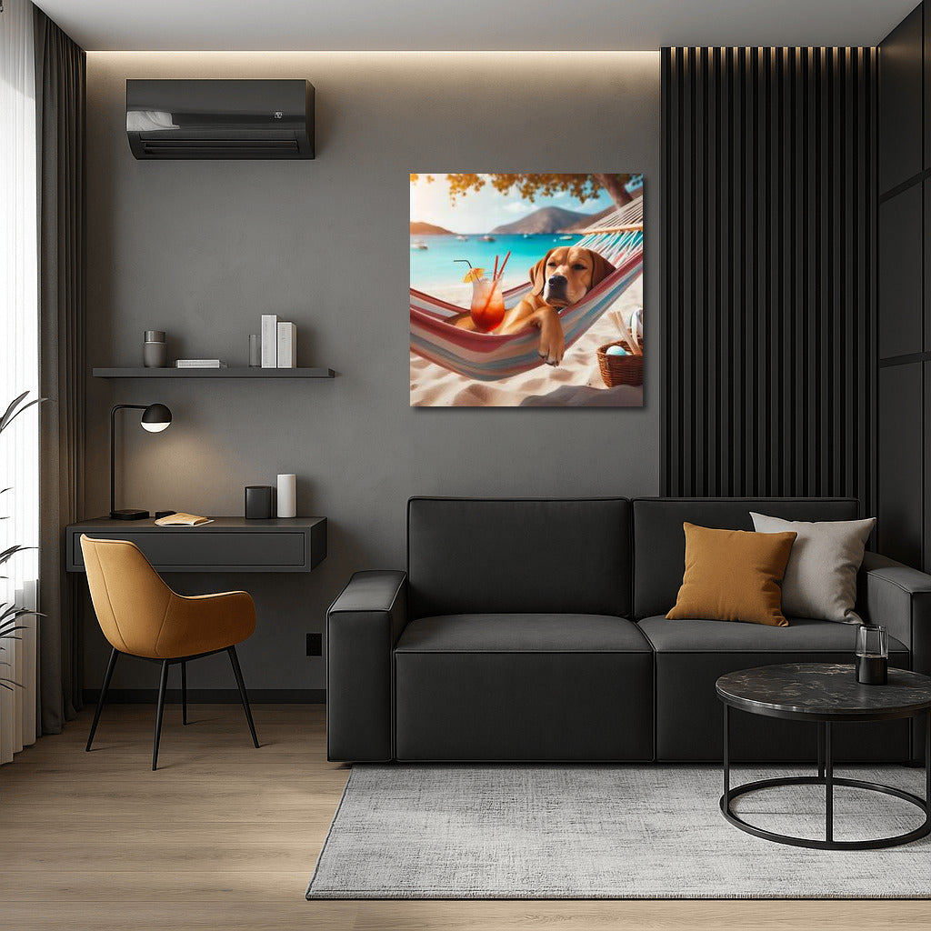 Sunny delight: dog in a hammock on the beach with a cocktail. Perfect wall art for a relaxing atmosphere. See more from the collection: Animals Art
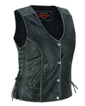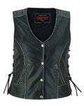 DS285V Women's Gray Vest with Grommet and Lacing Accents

::::

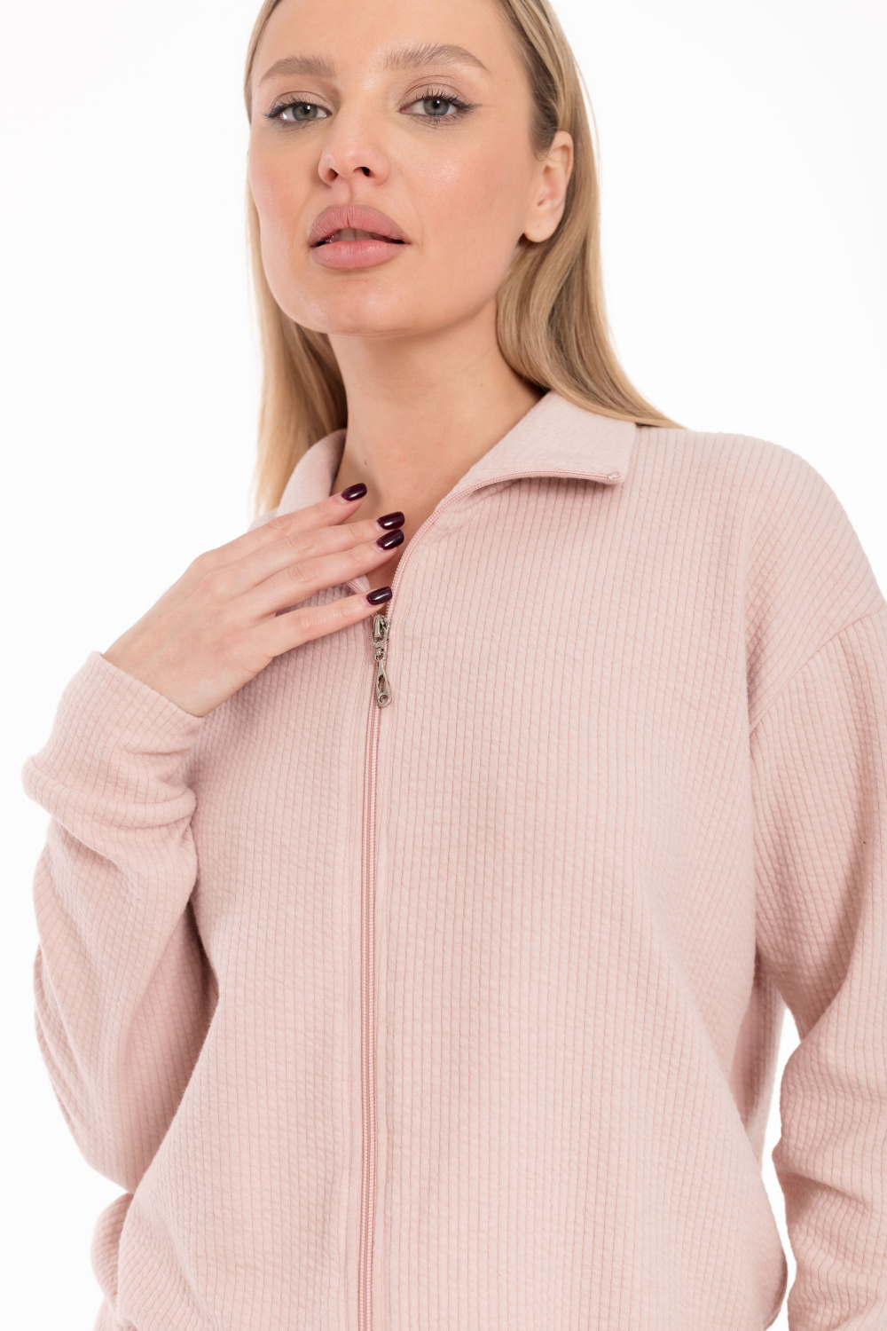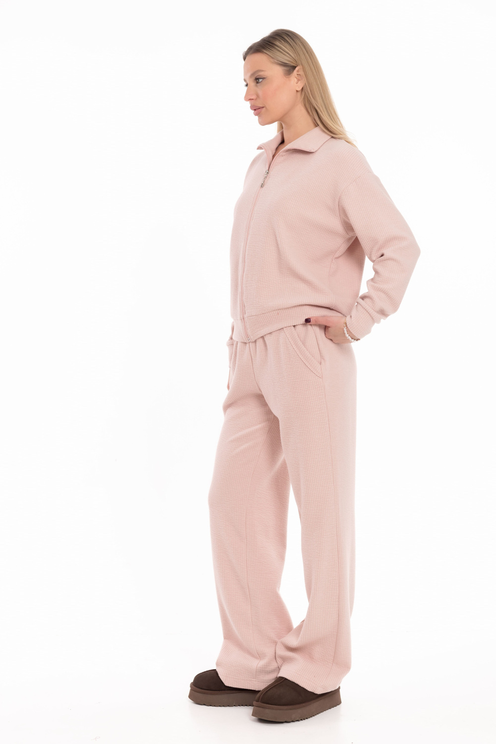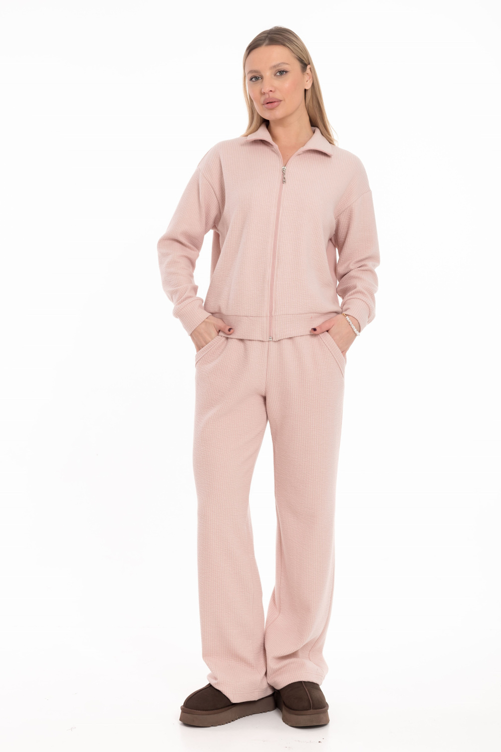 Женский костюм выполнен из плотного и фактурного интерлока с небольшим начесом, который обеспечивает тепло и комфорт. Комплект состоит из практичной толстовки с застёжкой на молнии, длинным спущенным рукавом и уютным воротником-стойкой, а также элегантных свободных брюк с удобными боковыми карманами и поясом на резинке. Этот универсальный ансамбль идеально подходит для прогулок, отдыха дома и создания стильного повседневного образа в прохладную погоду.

::::

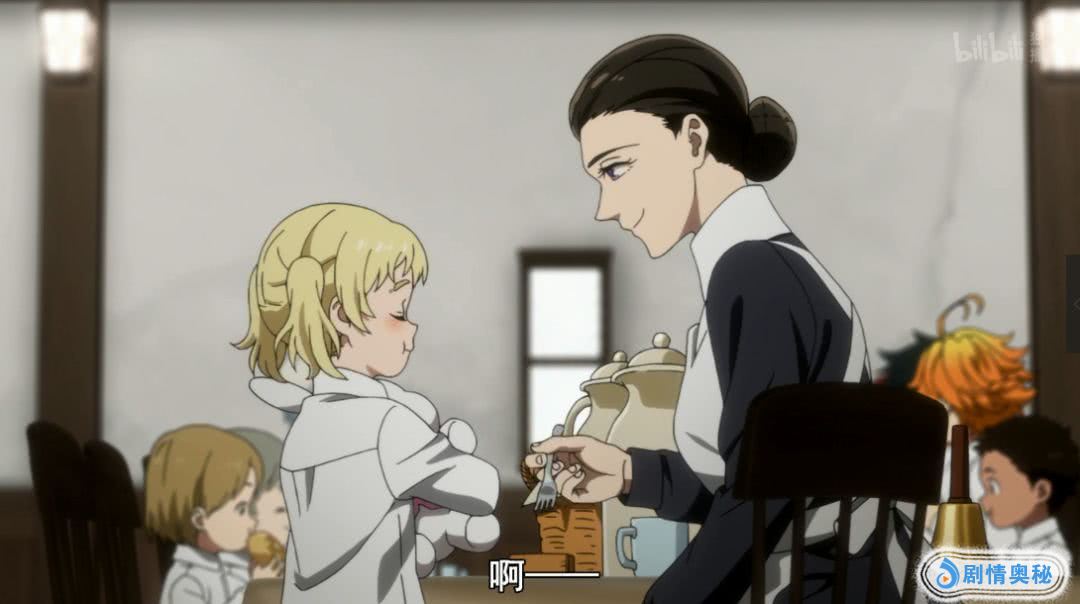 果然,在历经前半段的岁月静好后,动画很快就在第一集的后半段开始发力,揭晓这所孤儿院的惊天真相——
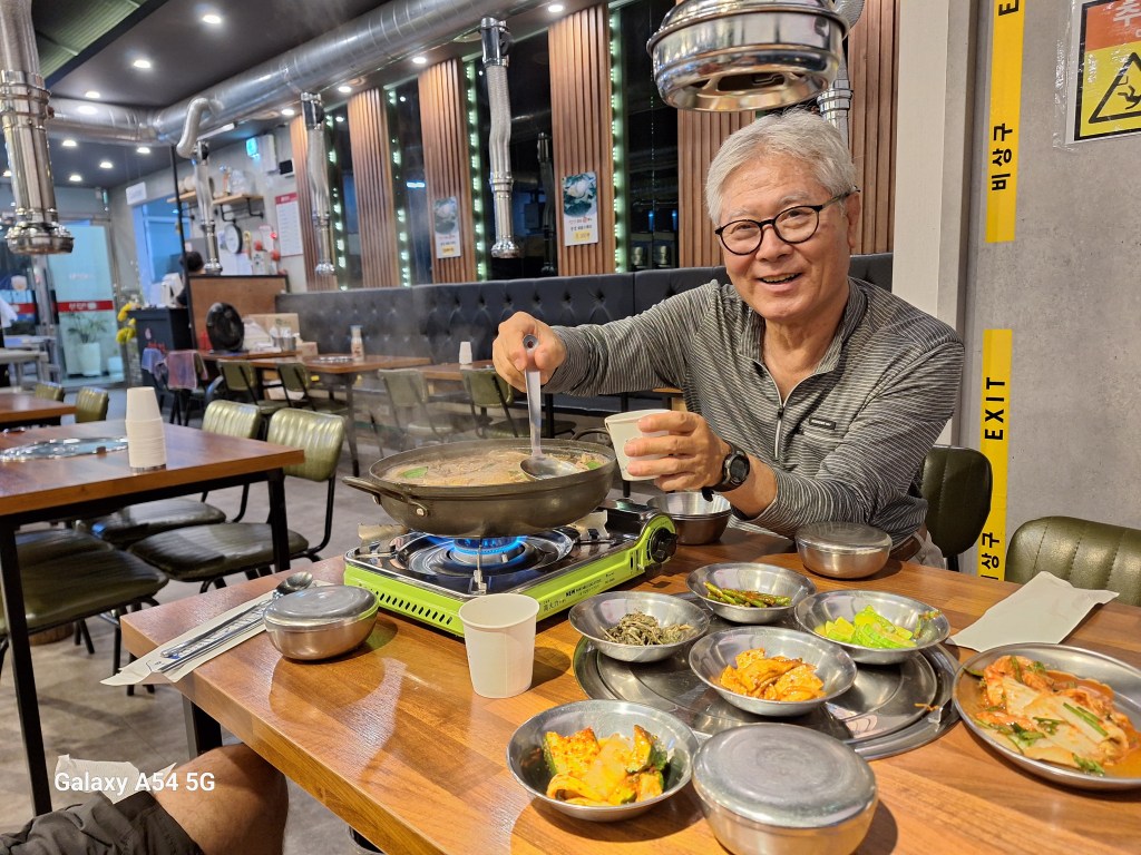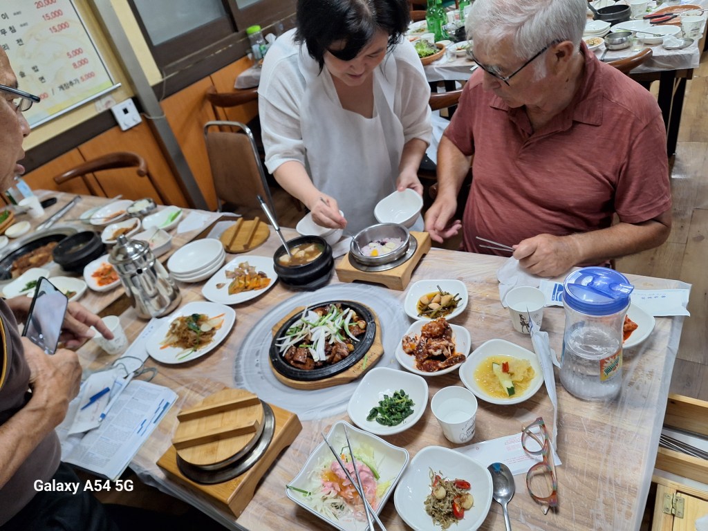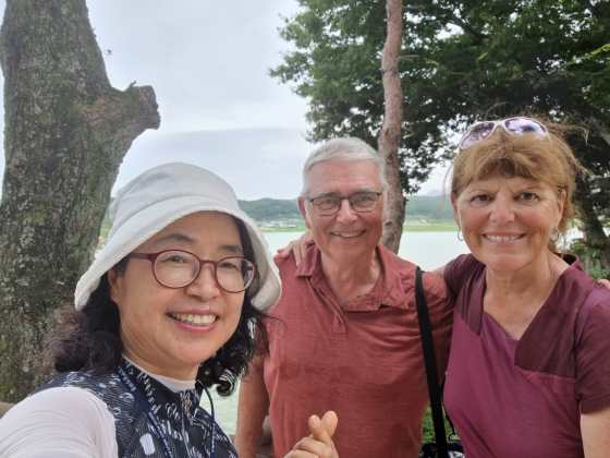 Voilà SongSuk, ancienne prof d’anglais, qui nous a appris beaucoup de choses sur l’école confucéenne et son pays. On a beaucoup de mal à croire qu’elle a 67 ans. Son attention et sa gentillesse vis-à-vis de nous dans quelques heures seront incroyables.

::::

Exercise objective: Go back to the lines above and output, exactly as they stand, the ones from the line containing "Sunny delight: dog" to the line containing "DS285V Women's Gray". Leave all pictures behind.

Expected answer:
 Sunny delight: dog in a hammock on the beach with a cocktail. Perfect wall art for a relaxing atmosphere. See more from the collection: Animals Art
 DS285V Women's Gray Vest with Grommet and Lacing Accents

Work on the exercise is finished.